Bridging the ESG funding divide: Turning barriers into catalysts for emerging markets
Dun & Bradstreet has released a new report, “ESG Funding in Emerging Markets,” highlighting that emerging economies face an annual shortfall of USD 3.7 trillion in Environmental, Social, and Governance (ESG) finance; funds needed to meet the UN Sustainable Development Goals (SDGs) by 2030. While global ESG investment reaches USD 3 trillion and continues to grow, emerging markets struggle due to inconsistent policies, weak regulations, and limited innovation, despite rising interest from investors worldwide.
Globally, Europe leads ESG funding, raising USD 405 billion in 2023, whereas Africa accounts for less than one percent of global green bond issuances, reflecting not only financial gaps but differences in governance and transparency.

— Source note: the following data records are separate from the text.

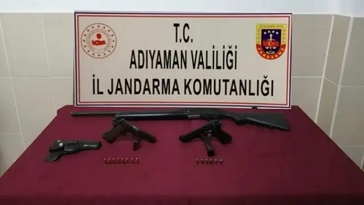 Adıyaman´da jandarma ekipleri tarafından durdurulan bir araçta 2 adet tabanca, 1 adet av tüfeği ele geçirildi.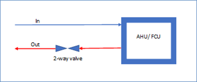 2-way valve mirip dengan 3-way valve; memodulasi aliran air melalui cooling coil secara proporsional dengan beban. Bedanya adalah 2-way valve hanya mengurangi jumlah air yang melewati coolong coil.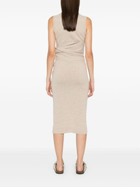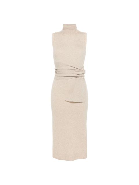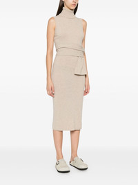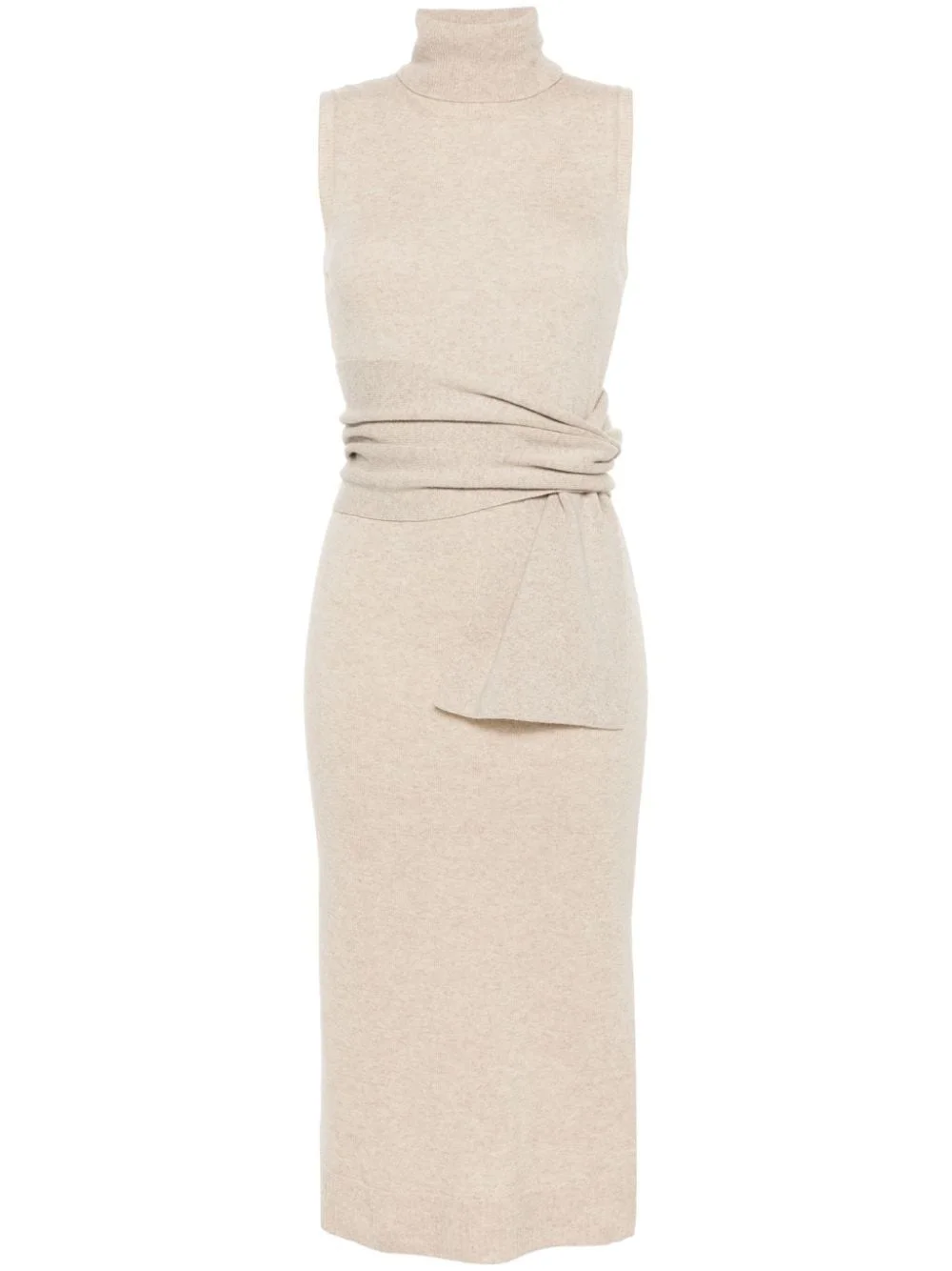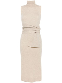 knitted midi dress Highlights - Sand beige - Wool blend - Knitted construction - Roll neck - Sleeveless - Ribbed cuffs and hem - Tied waist - Mid-length - Straight hem Made in Italy Composition Wool 80%, Polyamide 20% SIZE & FIT Model measurements Height 5 ft 10 in(1.78 m) Bust/Chest 33.85 in(86 cm) Hips 36.61 in(93 cm) Waist 26.77 in(68 cm) FittingInformation Designed for a slim fit that sits just away from the body offering a close yet comfortable fit The adjustable tie waist gives a more adaptable and personalised fit Made with a midweight knit, this piece offers some stretch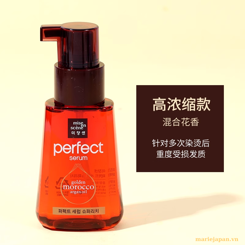 - Gel dưỡng tóc Mise En Scene Perfect Repair Hair Serum là dạng tinh chất phục hồi tóc thật hoàn hảo với chiết xuất chính từ dầu Argan, thành phần bí quyết tạo nên thương hiệu dưỡng tóc vạn- người- mê.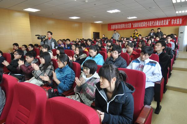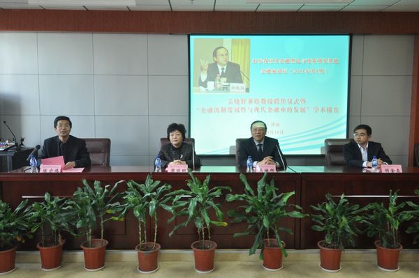仪式后,吴晓辉行长做客2011年第1期“山东省应用金融理论与政策研究基地金融家论坛”,发表了题为“金融的制度属性与现代金融业的发展”的学术报告。报告中,吴晓辉行长从金融的概念、金融业的历史发展、金融企业与金融市场、金融业的监管、21世纪现代金融业发展趋势和现代金融研究的发展趋势六个方面做了详细阐述。他首先从金融的概念与金融业的历史发展着手,解释了金融的概念分类及金融业的飞速发展状况,重点分析了目前金融企业与金融市场的发展,金融企业可以从业务、收入、考评、风险四个角度进行分类,由此构成的金融市场具有融资功能、投资功能、价格发现、风险对冲四个主要功能。而政府对于金融业的监管主要通过拨备来消化预期损失、通过资本缓释非预期损失冲击 、宏观调控三方面。他提到21世纪现代金融以基于脱媒基础上的银行功能重构、基于环境变化基础上需求创造供给、基于信息技术基础上的经营模式革命为主要趋势发展,关于现代金融发展研究的方法也顺应金融发展趋势,从个体孤立演变到整体联系(行业、产业链、上下游,相关性),最终以立体发展(加入了时间因素)的方法为主。学术报告由经济学院常务副院长胡金焱教授主持,并对学术报告做了生动诠释和精彩点评。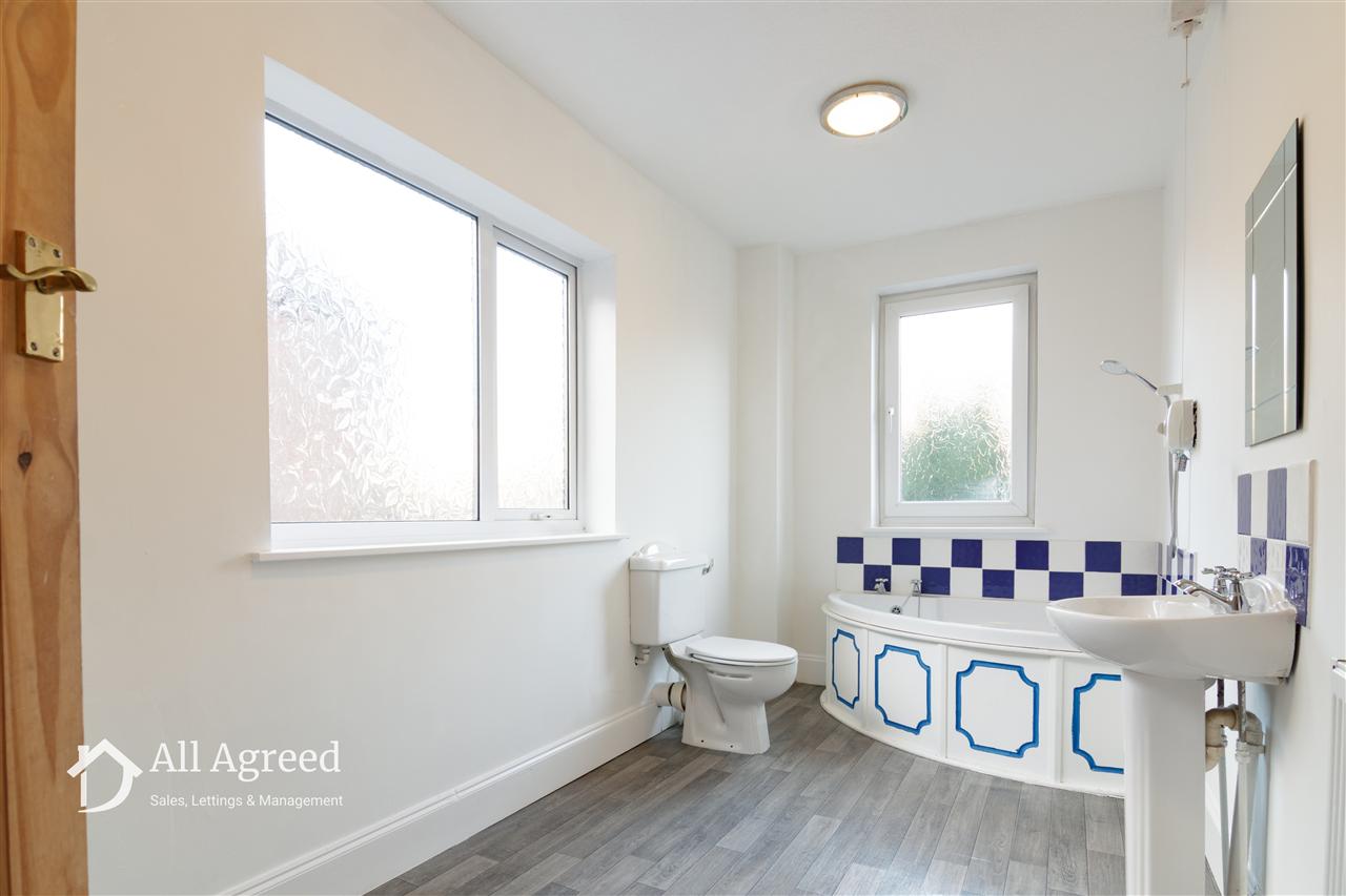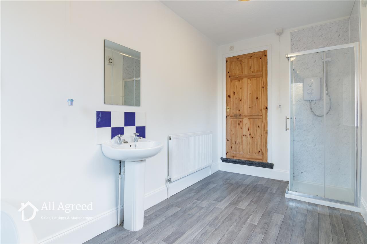Having suite comprising corner bath with electric shower over, shower cubical, pedestal wash basin, low flush W.C, extractor fan, central heating radiator and UPVC double glazed opaque windows to the side and rear elevations.

Despite these challenges, several emerging markets are making progress. Early-stage countries such as Pakistan, Kenya, and Nigeria, with Green Bond-to-GDP ratios of 0–0.5%, are building awareness about sustainable finance. Scaling markets, including Thailand, the Philippines, and South Africa, with ratios of 0.5–1.0%, are expanding through sustainability-linked bonds and clean energy projects. Advanced markets above 1.0%, like Saudi Arabia, have fully integrated ESG goals into national strategies such as Vision 2030.
Key milestones include Thailand’s launch of Asia’s first sovereign Sustainability-Linked Bond in 2024 and South Africa’s Just Energy Transition Partnership, supported by USD 5.1 billion in EU commitments.
Regulation emerges as the key driver for ESG growth. Countries such as China, India, and Singapore are advancing through clear reporting rules and sustainable finance frameworks, yet inconsistent policies across regions continue to deter investors. Aligning national and global standards, supported by transparent data and digital verification, can unlock wider access to sustainable finance.
To accelerate ESG growth, emerging economies should align global and local standards to strengthen investor confidence, develop blended-finance models that combine public and private capital, enhance ESG knowledge and data transparency, and integrate sustainability into core business and banking decisions.
“The ESG opportunity for emerging markets is both urgent and transformative,” the report states. “For policymakers and business leaders, the path forward is clear: align standards, strengthen governance, and innovate finance. Investors will find the greatest potential where the gaps are widest.” The full report explores how data, policy, and innovation can drive sustainable capital flows across South Asia, the Middle East, and Africa.